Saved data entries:
====

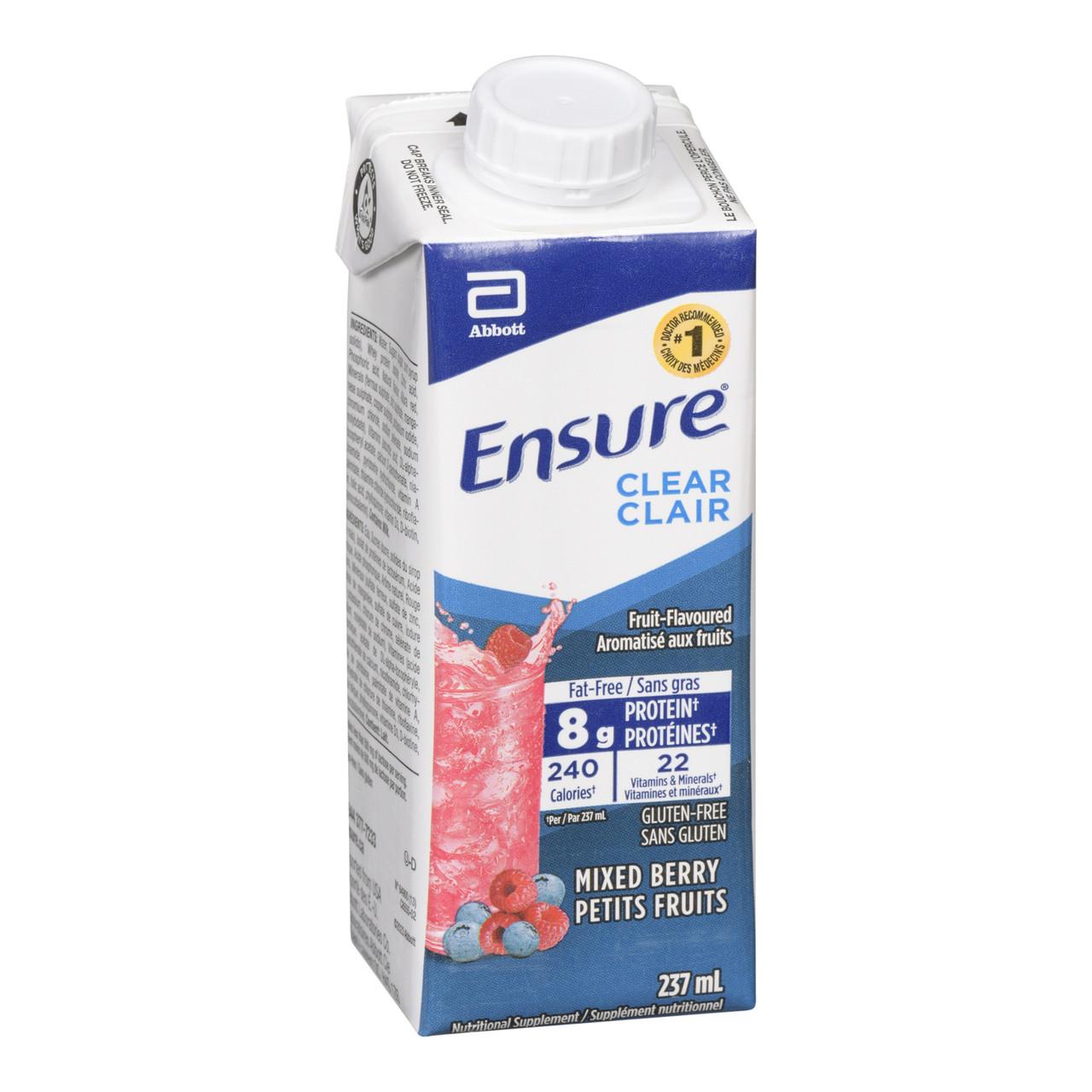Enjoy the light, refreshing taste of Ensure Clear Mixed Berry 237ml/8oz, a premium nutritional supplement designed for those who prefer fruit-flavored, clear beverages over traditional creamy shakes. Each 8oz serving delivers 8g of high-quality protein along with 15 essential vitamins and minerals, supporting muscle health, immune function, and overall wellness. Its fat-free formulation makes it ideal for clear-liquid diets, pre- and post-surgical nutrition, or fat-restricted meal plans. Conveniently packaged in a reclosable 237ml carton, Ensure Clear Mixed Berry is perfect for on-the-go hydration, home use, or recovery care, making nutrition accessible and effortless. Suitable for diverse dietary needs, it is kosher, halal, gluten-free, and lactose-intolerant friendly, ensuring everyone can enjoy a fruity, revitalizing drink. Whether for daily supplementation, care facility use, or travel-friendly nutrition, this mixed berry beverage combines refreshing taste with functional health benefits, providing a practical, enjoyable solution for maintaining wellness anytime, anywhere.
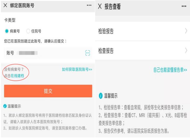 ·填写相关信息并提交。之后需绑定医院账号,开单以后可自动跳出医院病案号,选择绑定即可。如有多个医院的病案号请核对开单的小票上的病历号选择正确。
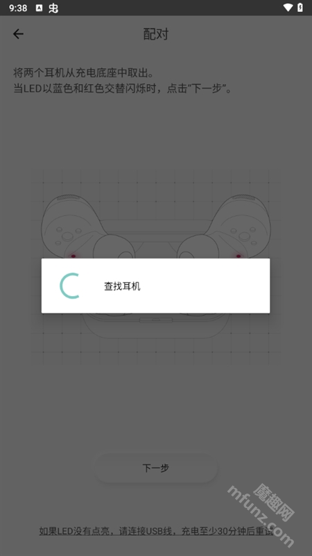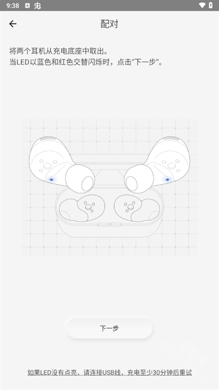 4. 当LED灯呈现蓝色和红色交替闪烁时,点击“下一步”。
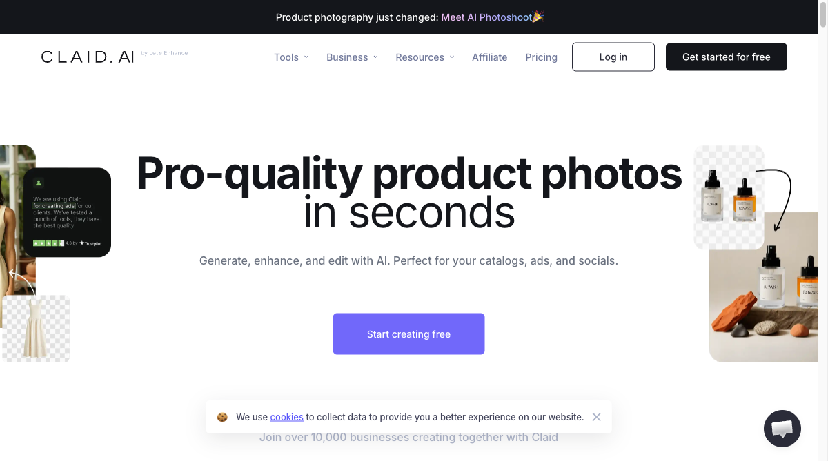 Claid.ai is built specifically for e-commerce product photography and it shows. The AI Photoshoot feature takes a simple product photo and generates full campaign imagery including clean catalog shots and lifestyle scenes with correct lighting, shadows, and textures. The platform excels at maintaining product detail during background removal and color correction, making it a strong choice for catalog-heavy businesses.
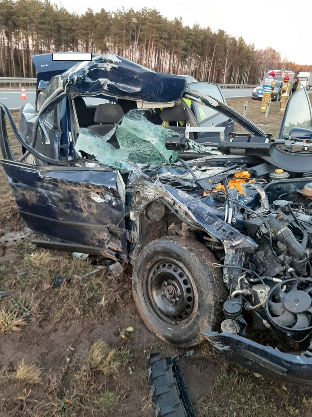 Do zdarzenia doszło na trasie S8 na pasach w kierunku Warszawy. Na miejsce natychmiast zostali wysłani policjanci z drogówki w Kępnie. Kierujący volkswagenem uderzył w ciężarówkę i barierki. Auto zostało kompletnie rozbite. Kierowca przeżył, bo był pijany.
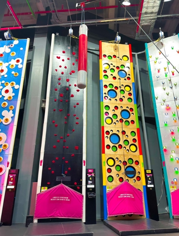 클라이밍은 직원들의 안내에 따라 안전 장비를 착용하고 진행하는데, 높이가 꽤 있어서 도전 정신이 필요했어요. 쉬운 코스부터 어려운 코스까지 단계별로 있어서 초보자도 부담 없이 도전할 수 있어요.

====

| Work order |
Return each line above exactly; any pictures are to be skipped.

| Completed task |
Enjoy the light, refreshing taste of Ensure Clear Mixed Berry 237ml/8oz, a premium nutritional supplement designed for those who prefer fruit-flavored, clear beverages over traditional creamy shakes. Each 8oz serving delivers 8g of high-quality protein along with 15 essential vitamins and minerals, supporting muscle health, immune function, and overall wellness. Its fat-free formulation makes it ideal for clear-liquid diets, pre- and post-surgical nutrition, or fat-restricted meal plans. Conveniently packaged in a reclosable 237ml carton, Ensure Clear Mixed Berry is perfect for on-the-go hydration, home use, or recovery care, making nutrition accessible and effortless. Suitable for diverse dietary needs, it is kosher, halal, gluten-free, and lactose-intolerant friendly, ensuring everyone can enjoy a fruity, revitalizing drink. Whether for daily supplementation, care facility use, or travel-friendly nutrition, this mixed berry beverage combines refreshing taste with functional health benefits, providing a practical, enjoyable solution for maintaining wellness anytime, anywhere.
 ·填写相关信息并提交。之后需绑定医院账号,开单以后可自动跳出医院病案号,选择绑定即可。如有多个医院的病案号请核对开单的小票上的病历号选择正确。
 4. 当LED灯呈现蓝色和红色交替闪烁时,点击“下一步”。
 Claid.ai is built specifically for e-commerce product photography and it shows. The AI Photoshoot feature takes a simple product photo and generates full campaign imagery including clean catalog shots and lifestyle scenes with correct lighting, shadows, and textures. The platform excels at maintaining product detail during background removal and color correction, making it a strong choice for catalog-heavy businesses.
 Do zdarzenia doszło na trasie S8 na pasach w kierunku Warszawy. Na miejsce natychmiast zostali wysłani policjanci z drogówki w Kępnie. Kierujący volkswagenem uderzył w ciężarówkę i barierki. Auto zostało kompletnie rozbite. Kierowca przeżył, bo był pijany.
 클라이밍은 직원들의 안내에 따라 안전 장비를 착용하고 진행하는데, 높이가 꽤 있어서 도전 정신이 필요했어요. 쉬운 코스부터 어려운 코스까지 단계별로 있어서 초보자도 부담 없이 도전할 수 있어요.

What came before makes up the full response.